Statistics related to the prediction
Predicting values using independent variables and a model will generate predicted values and some additional statistics dependent on the value of the req_stats
argument of the predict*
functions. Here is a list of the available statistics: [:predicted, :residuals, :leverage, :stdp, :stdi, :stdr, :student, :rstudent, :lcli, :ucli, :lclp, :uclp, :press, :cooksd]
Predicted
The predicted value is the sum of the dependant variable(s) multiplied by the coefficients from the regression and the intercept (if the model has one). The predicted value is also known as the Y-hat.
Residuals
The residuals are here defined as the known responses variables minus the predicted values.
Leverage
The leverage for the i-th independent observation x_i when it is not a weighted regression is calculated as:
\[\mathrm{h_i} = \mathrm{x_i' (X' X)^{-1} x_i}\]
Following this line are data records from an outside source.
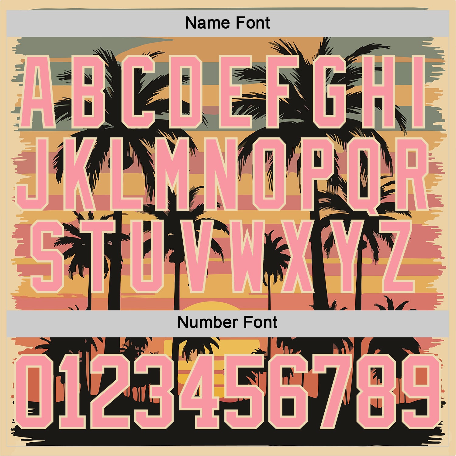 Custom Medium Pink Cream Yellow-Black 3D Pattern Gradient Hawaii Tropical Palm Trees Hockey Lace Neck Jersey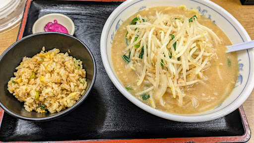 外は寒かったので味噌ラーメンと、半チャーハンを。 味噌ラーメンは麺大盛りにしました。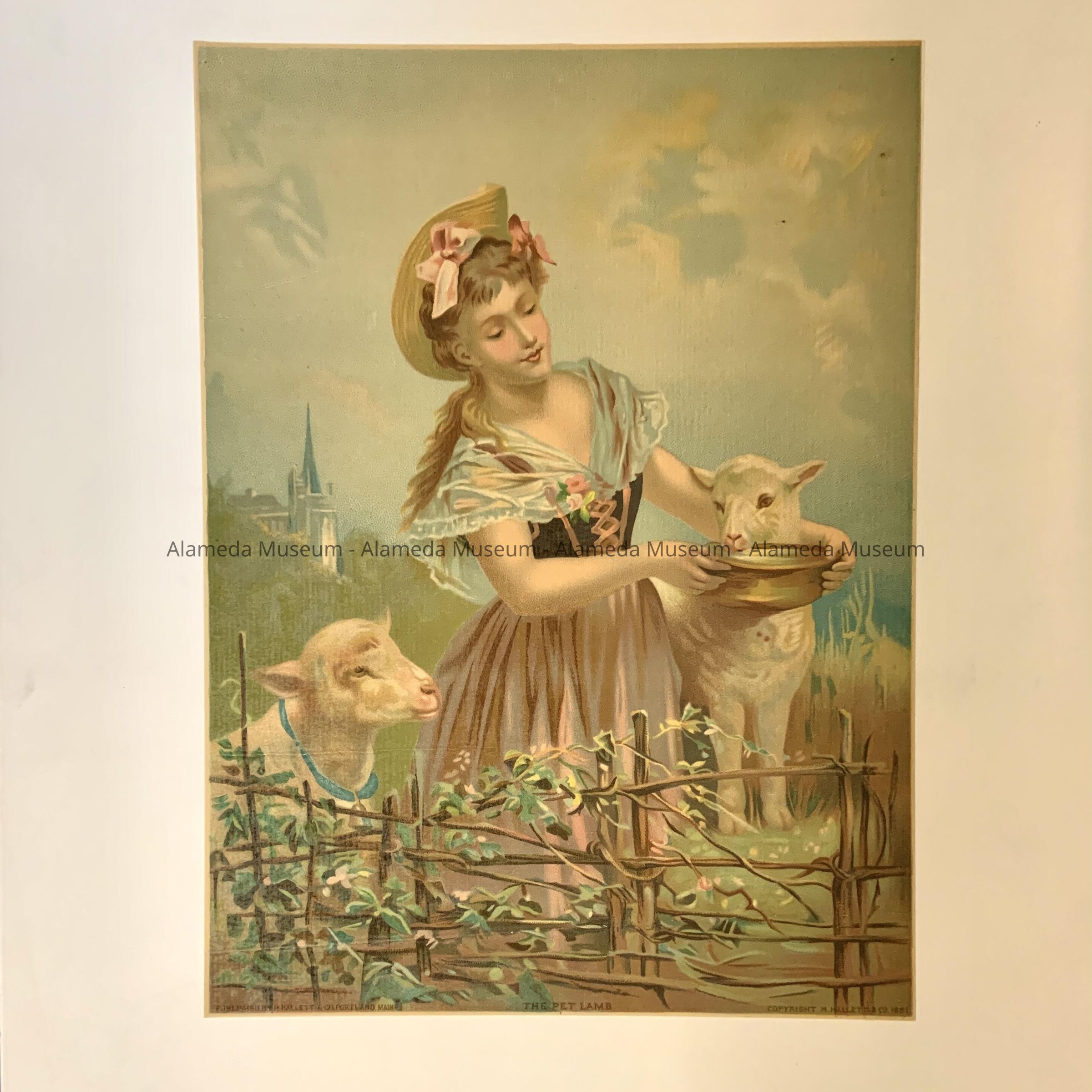 DESCRIPTION: A CHROMOLITHOGRAPHIC PRINT IN COLOR DEPICTING TWO SHEPHERDESSES TITLED, "PAT LAMB ," AND COPYRIGHTED BY H. HALLETT & CO., 1881. THE PRINT HAS BEEN MOUNTED ON HEAVY STOCK PAPER FOR ITS PRESERVATION.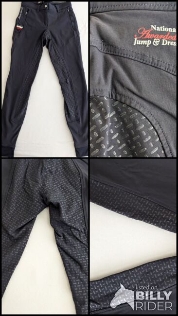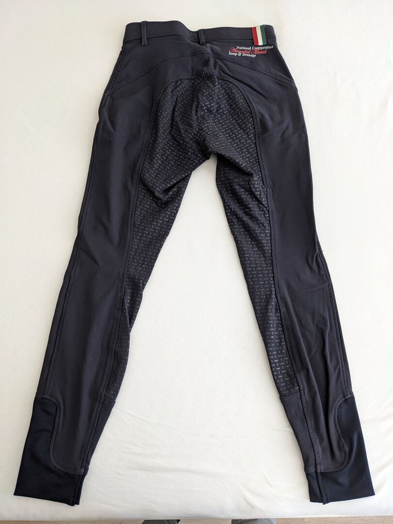 Benutzt und gut erhaltene dunkelblaue Reithose, Zustand siehe auch Fotos. Privatverkauf ohne Rücknahme und Gewährleistung, bei Versand zuzüglich Versandkosten. Nichtraucherhaushalt.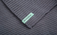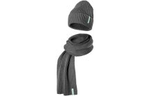 Pletený set čepice a šála šedý. Hrubě pletený vzor. Tkaný label v barvě electric green přes okraj s logem Škoda. Délka šály 165 x 25 cm.

And as per below when it is a weighted regression with a vector of weights $W$ with the i-th weight being $w_i$ then the i-th leverage is calculated as such:
\[\mathrm{h_i} = \mathrm{w_i \cdot x_i' (X' W X)^{-1} x_i}\]
STDP
STDP is the standard error of the mean predicted value, and is calculated as
\[\textup{STDP} = \sqrt{\hat{\sigma}^2 h_i }\]
and for a weighted regression as:
\[\textup{STDP} = \sqrt{\hat{\sigma}^2 h_i / w_i}\]
STDI
STDI is the standard error of the individual predicted value, and is calculated as
\[\textup{STDI} = \sqrt{\hat{\sigma}^2 (1 + h_i)}\]
and for a weighted regression as:
\[\textup{STDI} = \sqrt{\hat{\sigma}^2 (1 + h_i) / w_i}\]
STDR
STDR is the standard error of the residual, and is calculated as
\[\textup{STDR} = \sqrt{\hat{\sigma}^2 (1 - h_i) }\]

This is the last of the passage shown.